Can breastfeeding position affect milk supply?
Yes, significantly. Comfortable positioning and a deep latch are important for establishing and maintaining milk production. A shallow latch from poor positioning means less milk is extracted per feed, signaling your body to produce less over time. Additionally, using only one position can lead to incomplete breast drainage, increasing clogged duct and mastitis risk. Rotating positions helps ensure full, even breast emptying and optimal supply signals across all milk ducts.
What is the laid-back breastfeeding position and why is it recommended?
The laid-back position, also called biological nurturing, involves reclining at a 45-degree angle with your baby lying tummy-down on your chest. It works with your baby’s natural instincts, is calming for both of you, supports skin-to-skin contact, and helps newborns latch using primitive feeding reflexes like rooting and suckling. Evidence suggests humans evolved to breastfeed this way. It is especially helpful for strong let-down, oversupply, and sleepy or uninterested newborns who need gentle encouragement to engage.
Is it okay to use different breastfeeding positions at different feeds?
Absolutely. In fact, it is encouraged. There are many ways to position yourself while breastfeeding.
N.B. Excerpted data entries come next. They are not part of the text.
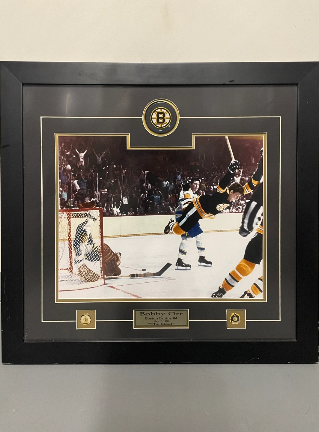 Professionally framed photo of Bobby Orr scoring his famous goal. Includes a commemorative plaque, Boston Bruins jersey pins, and puck. Great piece of hockey history.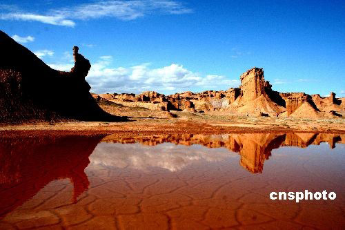 圖:新疆克孜爾魔鬼城雨后秋色迷人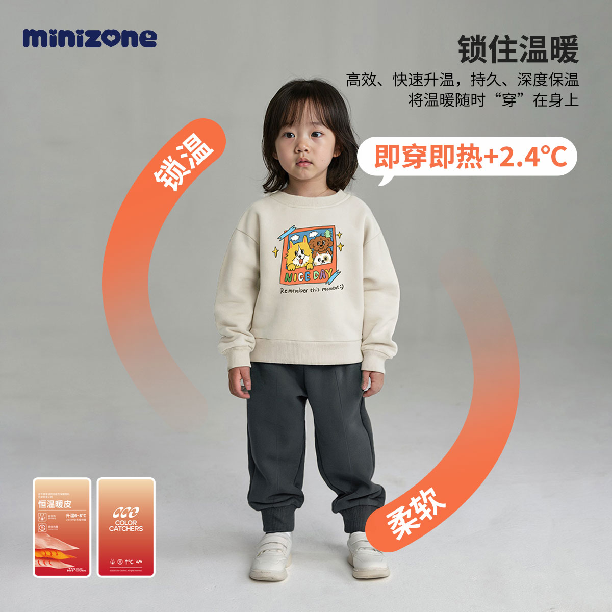 minizone儿童卫衣裤秋冬中小童保暖两件套男女童运动套装加绒加厚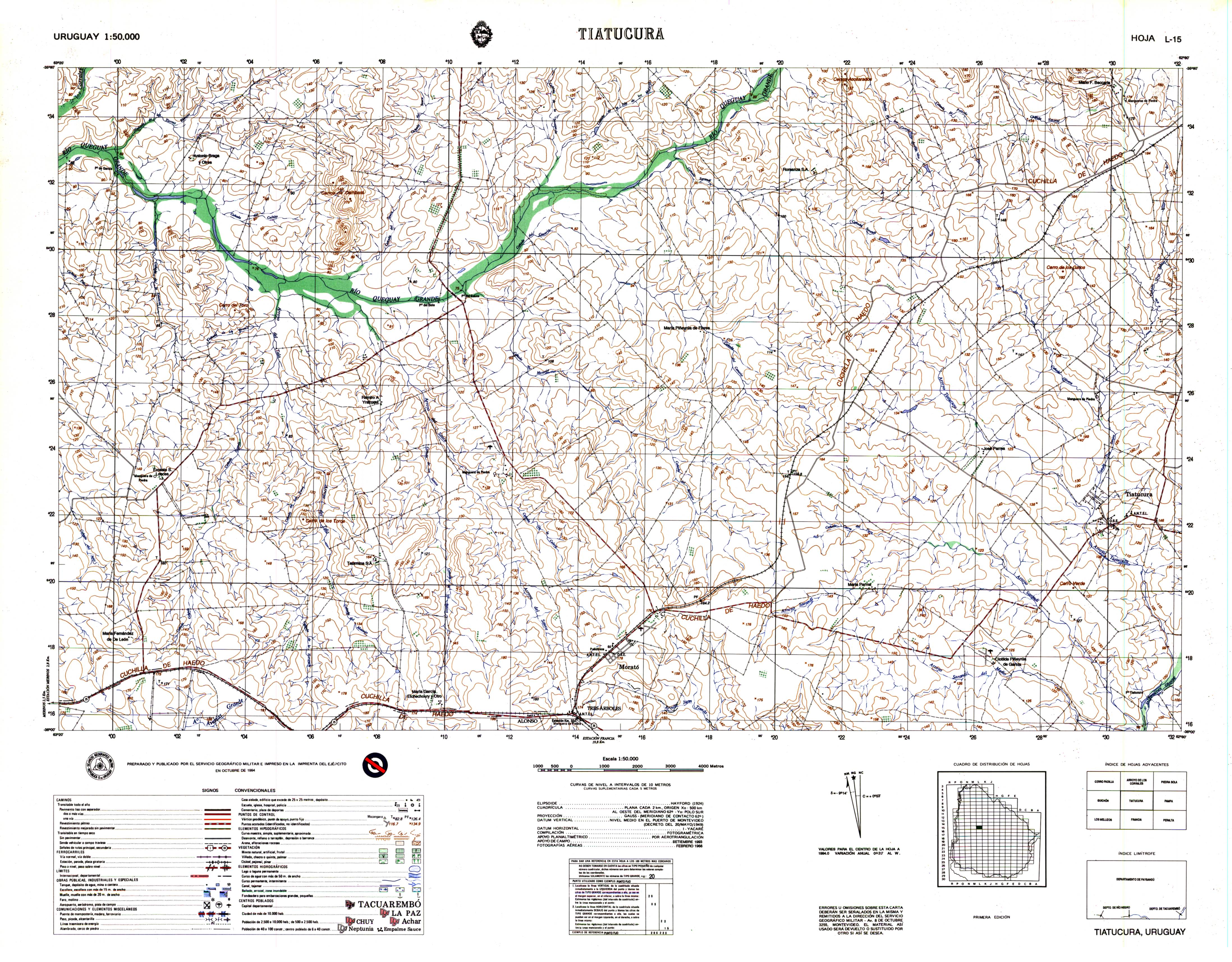 TÃtulo : Tiatucura. Carta 1:50.000 Tipo de documento: documento cartográfico impreso Autores: Uruguay. Servicio Geográfico Militar, Autor Mención de edición: 1 Editorial: Montevideo: Servicio Geográfico Militar Fecha de publicación: 1994 Il.: 75 x 58 cm. Nota general: Código local L-15 Idioma : Español (spa) Palabras clave: Tiatucura, Paysandú, CAMINOS, FERROCARRIL, OBRAS PUBLICAS, RELIEVE, HIDROGRAFIA, VEGETACION, POBLADOS Clasificación: 918.5 Tiatucura. Carta 1:50.000 [documento cartográfico impreso] / Uruguay. Servicio Geográfico Militar, Autor . - 1 . - Montevideo: Servicio Geográfico Militar, 1994 . - : 75 x 58 cm.

What is most important is what works for you, so try all positions until you and your baby are comfortable. You may even use different positions for each feeding. Rotating positions also helps prevent clogged milk ducts by ensuring different milk ducts are drained at different angles throughout the day, which is one of the most effective, non-pharmaceutical strategies for preventing mastitis.
Final Takeaway
Here is the truth that most breastfeeding guides are too polite to say: the position that works best is not necessarily the one your nurse taught you, the one your mother-in-law swears by, or the one that looks prettiest in the Instagram photo. It is the position that lets your baby transfer milk effectively while you remain pain-free. Period.
If that is the football hold at 9 AM and side-lying at 2 AM, great. If you never use the cross-cradle again after reading this, also great. Your body, your baby, your rules. The research is clear. Multiple positions reduce nipple trauma, improve breast drainage, and give you options when one approach stops working. You do not need to master all six positions today. You need one that works right now. Start there. Let the rest come with time.
My Closing Remarks
I have watched mothers sob in lactation consultations, convinced their bodies were broken, when the only thing broken was the advice they had been given. Positioning is not a minor detail. It is the difference between a breastfeeding journey that ends in trauma after two weeks and one that stretches into months of confident, connected feeding. If you take nothing else from this article, take this: pain is information, not a requirement. Your baby needs a mother who is not dreading every feed far more than they need any specific hold. Trust your body enough to try something different tonight.